Abstract: To compare the density and binding characteristics of opioid receptor subtypes in horse, rat, and guinea pig cerebral cortex and cerebellum. Methods: Prospective receptor binding study. Methods: Whole brains were obtained from four neurologically normal adult horses during necropsy. Rat and guinea pig brains were obtained commercially. Methods: The cerebellum and cerebral cortex were dissected from each brain, and tissue homogenates prepared. A radioligand binding technique with the highly selective ligands [(3)H]-DAMGO, [(3)H]-U69593, and [(3)H]-DPDPE was used to identify the mu- (mu), kappa- (kappa) and delta- (delta) opioid receptors, respectively. Competitive binding assays were performed with these ligands and varying concentrations of one of multiple unlabeled ligands. Results: While there were marked species differences in relative densities of opioid receptors, all radioligands interacted with their binding sites with high, nanomolar affinity in both the cerebral cortex and cerebellum. In the horse cerebral cortex, the percentages of total opioid binding sites for the mu-, kappa- and delta-receptors were 71%, 14% and 15%, respectively.

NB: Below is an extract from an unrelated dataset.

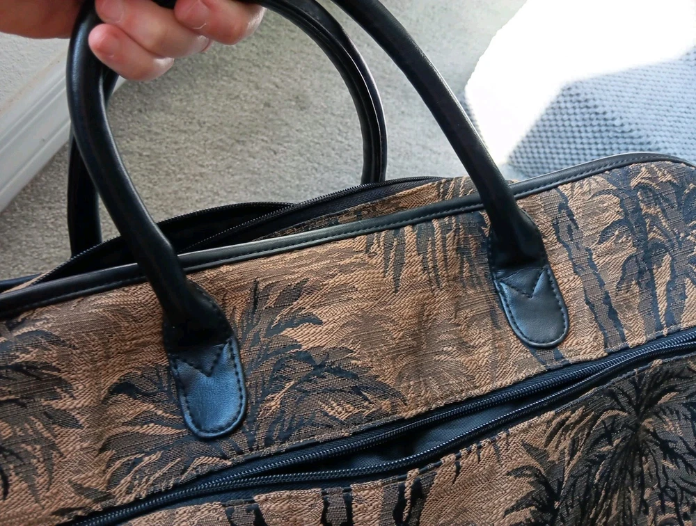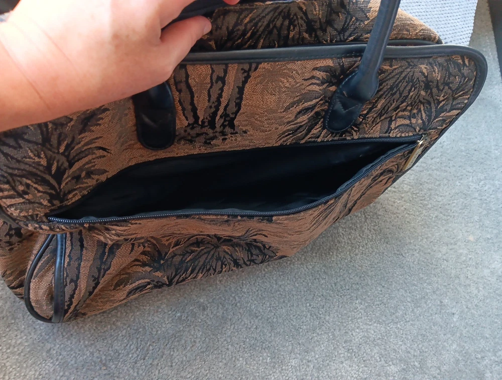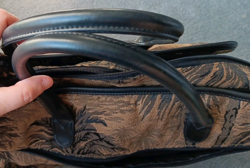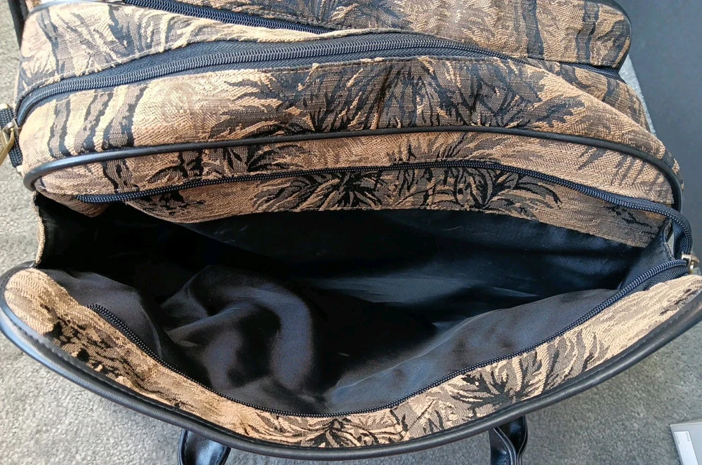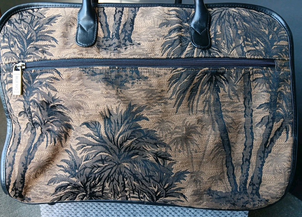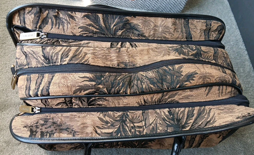 Nice size pre-owned overnight, carry-on, weekend bag by Bueno. It has many compartments and pockets. It's a bronze tone of brown with black trim and tropical/palm tree pattern. Good condition handles. It is missing the shoulder strap. There's is minor wear to the bottom. Please see photos. Please message me for additional photos or information.

In the rat and guinea pig cerebral cortex, the corresponding values were 56% mu-, 4% kappa- and 40% delta-receptors, and 25% mu-, 37% kappa- and 38% delta-receptors, respectively. In horse and guinea pig cerebellum, the binding was 37% mu-, 59% kappa- and 4% delta-receptors, and 15% mu-, 76% kappa- and 10% delta-receptors, respectively. For competitive analysis, all competitors of the mu-, kappa- and delta-receptors completely displaced [(3)H]-DAMGO, [(3)H]-U69593, and [(3)H]-DPDPE and had inhibitory constants in the nanomolar range. Conclusions: Horses used in this study had a greater density of mu-receptors in the cerebral cortex compared with rats and guinea pigs but without further characterization of the functional role of these receptors it is impossible to determine the clinical significance of these data.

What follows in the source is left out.